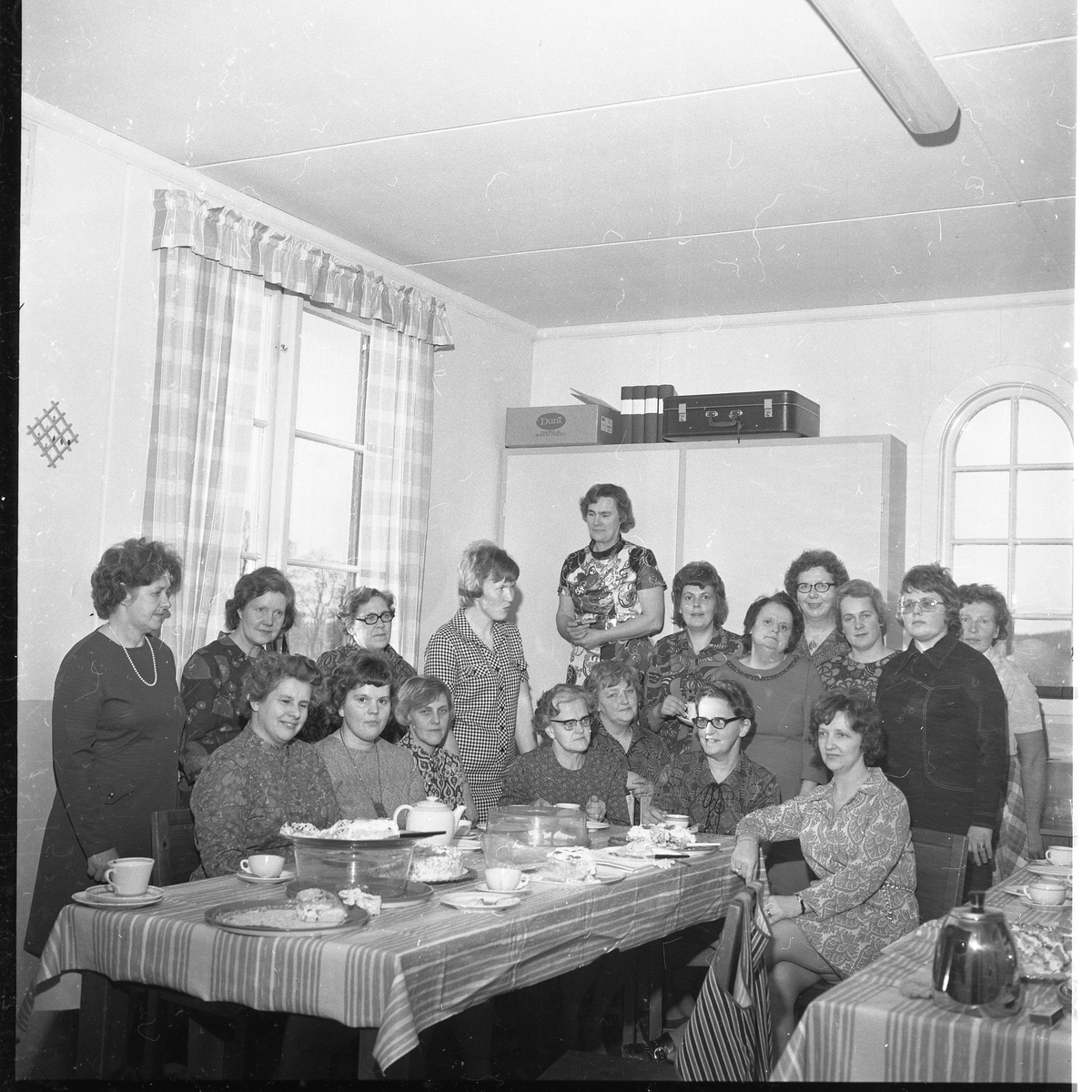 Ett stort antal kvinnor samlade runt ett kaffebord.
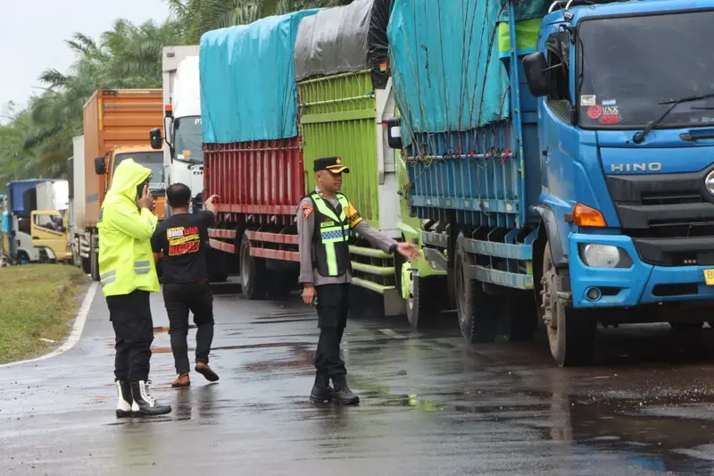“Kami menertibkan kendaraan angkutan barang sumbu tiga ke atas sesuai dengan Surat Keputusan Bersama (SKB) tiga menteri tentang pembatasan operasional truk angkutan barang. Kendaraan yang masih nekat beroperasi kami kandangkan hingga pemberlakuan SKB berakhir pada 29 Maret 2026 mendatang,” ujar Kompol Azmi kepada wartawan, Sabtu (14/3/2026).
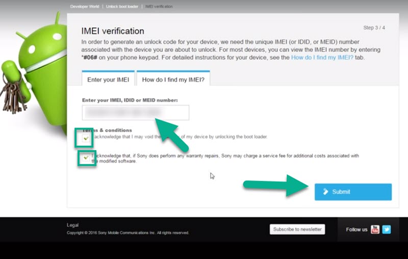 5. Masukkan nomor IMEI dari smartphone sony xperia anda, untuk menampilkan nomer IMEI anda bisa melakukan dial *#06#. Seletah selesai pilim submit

◆ ◆ ◆ ◆ ◆

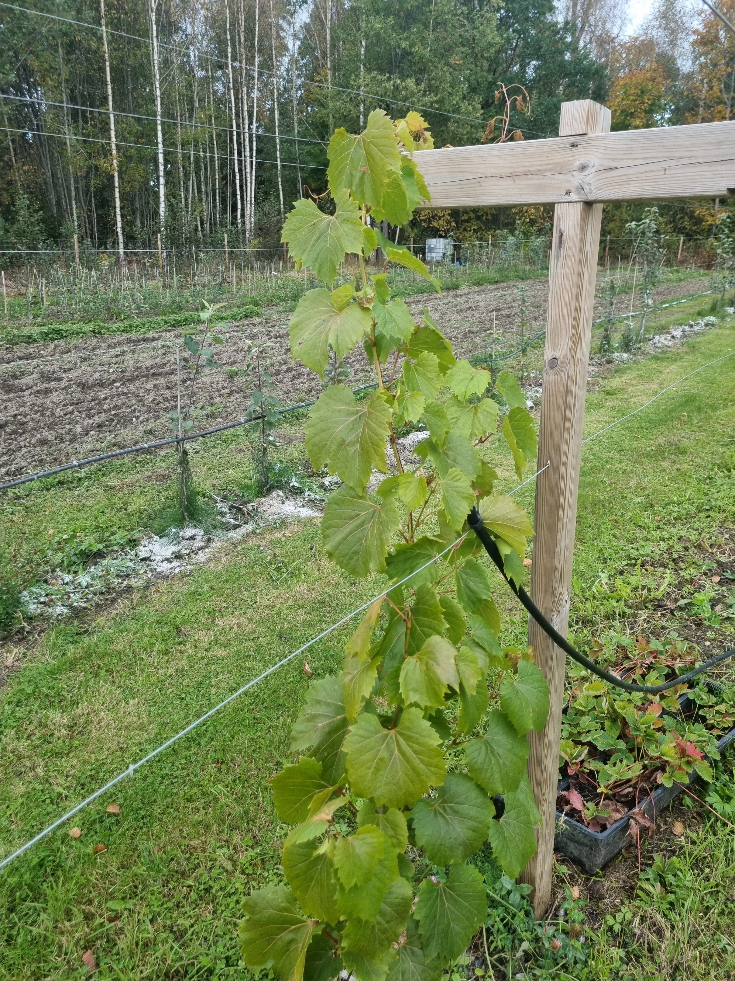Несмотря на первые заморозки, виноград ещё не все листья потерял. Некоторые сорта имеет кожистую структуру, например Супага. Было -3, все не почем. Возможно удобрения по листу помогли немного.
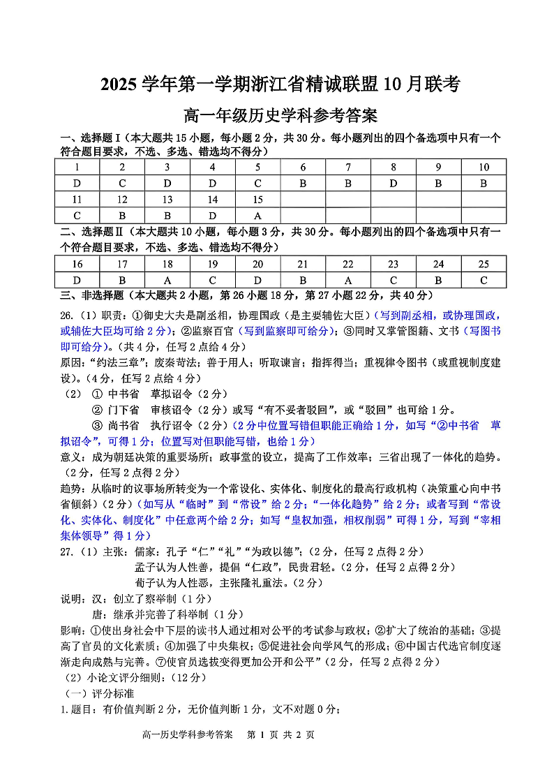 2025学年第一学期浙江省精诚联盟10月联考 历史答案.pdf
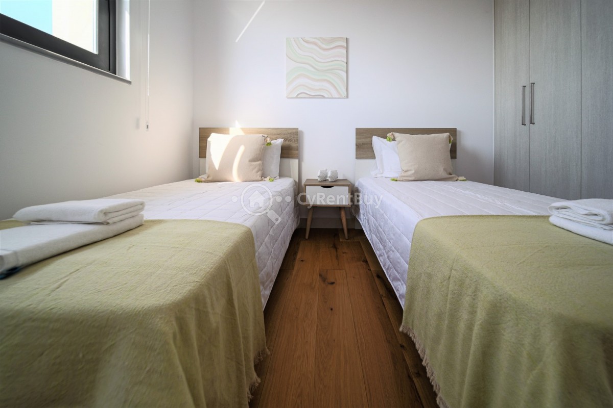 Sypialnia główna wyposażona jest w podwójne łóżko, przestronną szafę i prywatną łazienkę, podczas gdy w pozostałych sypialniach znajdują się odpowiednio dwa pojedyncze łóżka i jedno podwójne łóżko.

◆ ◆ ◆ ◆ ◆

**WHAT THE TASK ASKS**
Write back the stretch of lines above that begins with the line holding "2025学年第一学期浙江省精诚联盟10月联考 历史答案.pdf" and ends with the line holding "Sypialnia główna wyposażona", both included, exactly as written. Pictures stay out.

**SOLUTION TO THIS EXERCISE**
 2025学年第一学期浙江省精诚联盟10月联考 历史答案.pdf
 Sypialnia główna wyposażona jest w podwójne łóżko, przestronną szafę i prywatną łazienkę, podczas gdy w pozostałych sypialniach znajdują się odpowiednio dwa pojedyncze łóżka i jedno podwójne łóżko.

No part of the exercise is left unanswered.